A discovery panel of 222 Caucasian keratoconus patients and 3324 controls was genotyped using the Illumina 370K beadchip. Selected SNPs identified by GWAS at p<=0.05 significance level (n=1189) were further genotyped in an independent replication case-control panel of 304 cases and 518 controls. 612 SNPs with low linkage disequilibrium (r2<0.2) were selected for the polygenic analysis. Genetic scores were generated for each individual in the replication panel, accounting for multiple SNPs based on the significant thresholds using the original score weighting from GWAS discovery data (implemented in PLINK). Association between these scores and keratoconus was tested by the logistic regression model. The keratoconus variance explained by the score was estimated by the Nagelkerke pseudo R-squared.
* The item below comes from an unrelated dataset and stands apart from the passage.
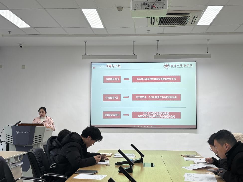 2026年1月23日下午14:30,为全面检验2025年度各党支部党建工作成效,压实党支部书记抓党建第一责任人职责,中医学院党总支在B4-311会议室召开了2025年度党支部党建工作考核和党支部书记抓党建工作述职评议考核会。此次会议由学院党总支秘书王凤娇同志主持,各党内委员、各支部书记及党员代表参加、学院副院长(主持工作)杨成、副院长李艳列席。

We scored SNPs identified in the GWAS discovery set based on four thresholds of significance: p<10-4 (n=2), p<10-3 (n=41), p<0.01 (n=279), and p<=0.05 (n=612). We next tested these GWAS-derived scores for potential association with keratoconus risk in the independent subjects from the replication cohort. As expected, we observed more significant association with keratoconus when including more SNPs. The explained phenotypic variance (r2) estimated by the score increased consistently with more alleles included in the model: 1.3%, 2.6%, 6.7%, and 7.1% for each threshold above, respectively (p=0.08, 1×10-6, 6×10-10, 2×10-10, respectively). Two of the polygenic scores reached Bonferroni corrected genome-wide significance of p<2.5×10-8, thus confirming the appropriateness of the modeling strategy. Thus, a genetic score, which accounted for a subset of GWAS SNPs with significance level of <=0.05, could explain at least 7% of phenotypic variance of keratoconus.
Using a polygenic model, we identified strong evidence that risk of keratoconus is well explained by hundreds of common alleles with small effect.